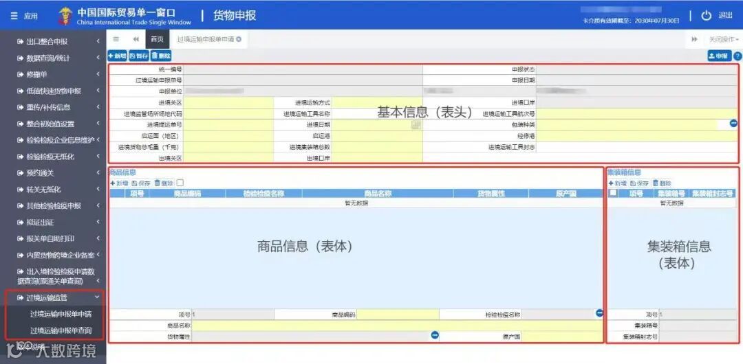 运输工具负责人向进境地海关申报过境运输申报单电子数据。
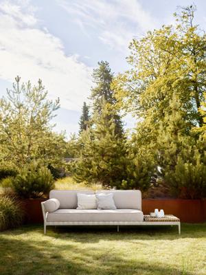 Der Komfort des Wohnzimmers wird mit dem Outdoor-Sofa von Vipp auf die Terrasse gebracht. Das 3-Sitzer-Sofa besteht aus schnell trocknenden Kissen und einem speziell für den Außenbereich entwickelten Stoff, der eine lange Lebensdauer unter allen Außenbedingungen gewährleistet. Ein speziell entwickeltes System von Gurten ist unter den Sitzpolstern angebracht, um den Komfort zu erhöhen. Die Gurte sind sichtbar, um das rhythmische Muster der Rücken- und Armlehne wiederzugeben. Die Rückenkissen und das Nackenkissen bestehen aus einer Mischung aus Fasern und Outdoor-Schaumstoff, der schnell trocknet.
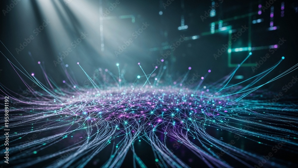 Darstellung eines Netzwerkes mit leuchtenden Linien, Kreisen und Punkten #1959891192
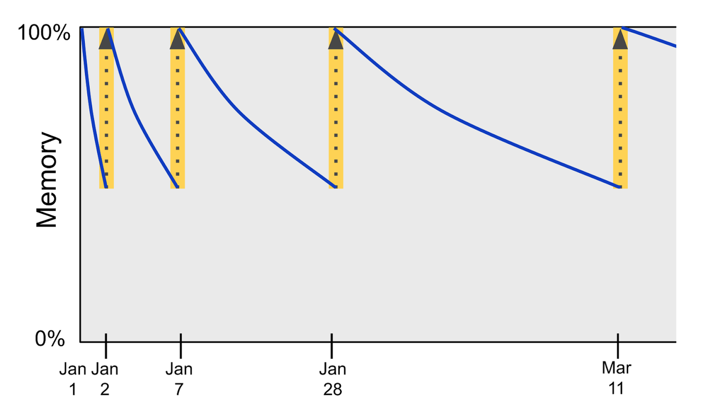 - 然而,倘若复习进行得太早,学生记忆强化的效果会打折扣,学习进度也会因此减缓。(这种情况并不理想,因为它效率低下:时间本应用于学习新知识主题,或复习那些确实已到复习期限的主题。)
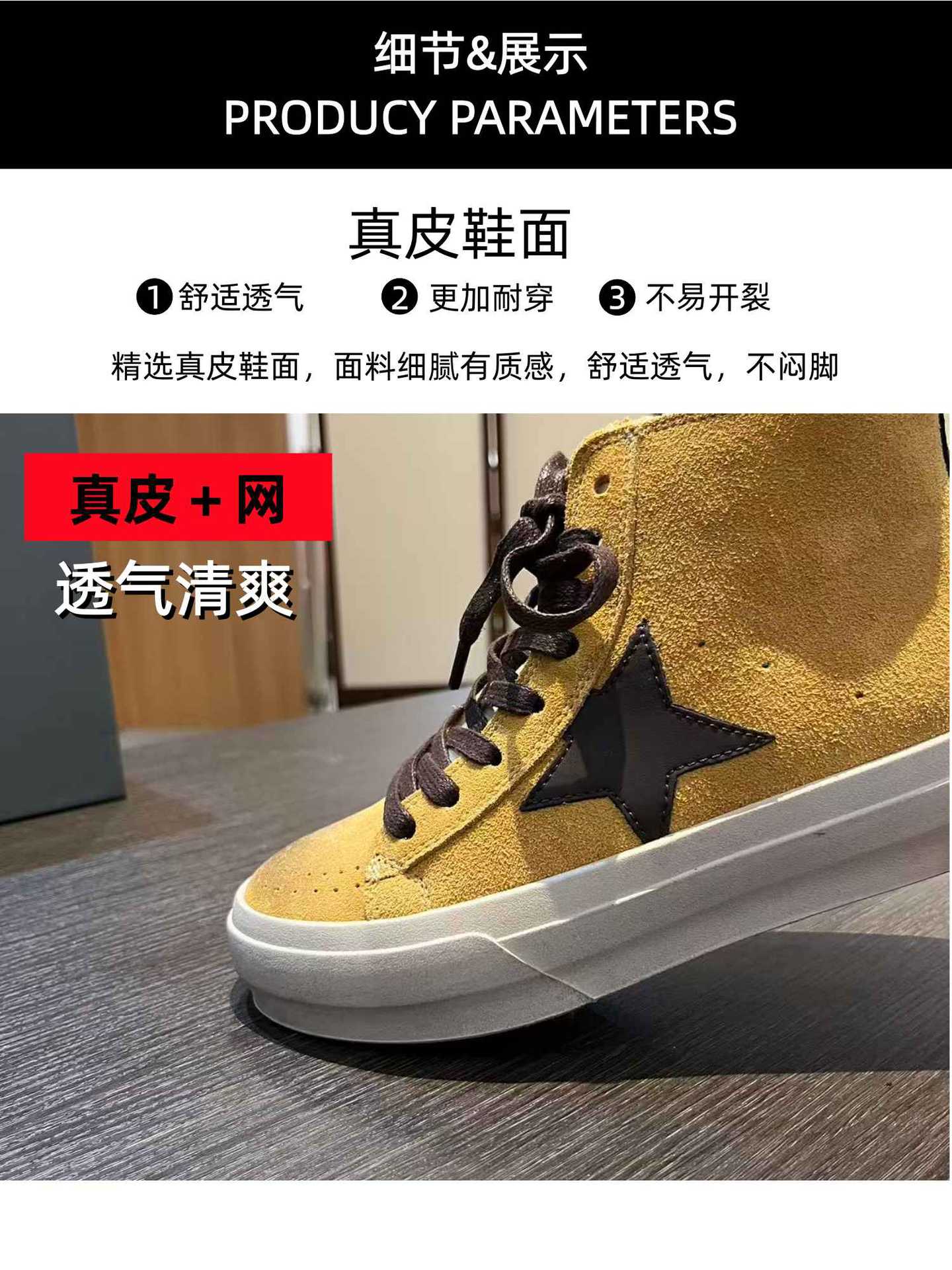 | 颜色 | 黄色, 咖啡, 黑色, 驼色, 豆沙 | 尺码 | 35, 36, 37, 38, 39, 40 |

----------------------------------------

** What is required **
All the material above must be copied exactly, and no picture belongs in the copy.

** Task output **
 运输工具负责人向进境地海关申报过境运输申报单电子数据。
 Der Komfort des Wohnzimmers wird mit dem Outdoor-Sofa von Vipp auf die Terrasse gebracht. Das 3-Sitzer-Sofa besteht aus schnell trocknenden Kissen und einem speziell für den Außenbereich entwickelten Stoff, der eine lange Lebensdauer unter allen Außenbedingungen gewährleistet. Ein speziell entwickeltes System von Gurten ist unter den Sitzpolstern angebracht, um den Komfort zu erhöhen. Die Gurte sind sichtbar, um das rhythmische Muster der Rücken- und Armlehne wiederzugeben. Die Rückenkissen und das Nackenkissen bestehen aus einer Mischung aus Fasern und Outdoor-Schaumstoff, der schnell trocknet.
 Darstellung eines Netzwerkes mit leuchtenden Linien, Kreisen und Punkten #1959891192
 - 然而,倘若复习进行得太早,学生记忆强化的效果会打折扣,学习进度也会因此减缓。(这种情况并不理想,因为它效率低下:时间本应用于学习新知识主题,或复习那些确实已到复习期限的主题。)
 | 颜色 | 黄色, 咖啡, 黑色, 驼色, 豆沙 | 尺码 | 35, 36, 37, 38, 39, 40 |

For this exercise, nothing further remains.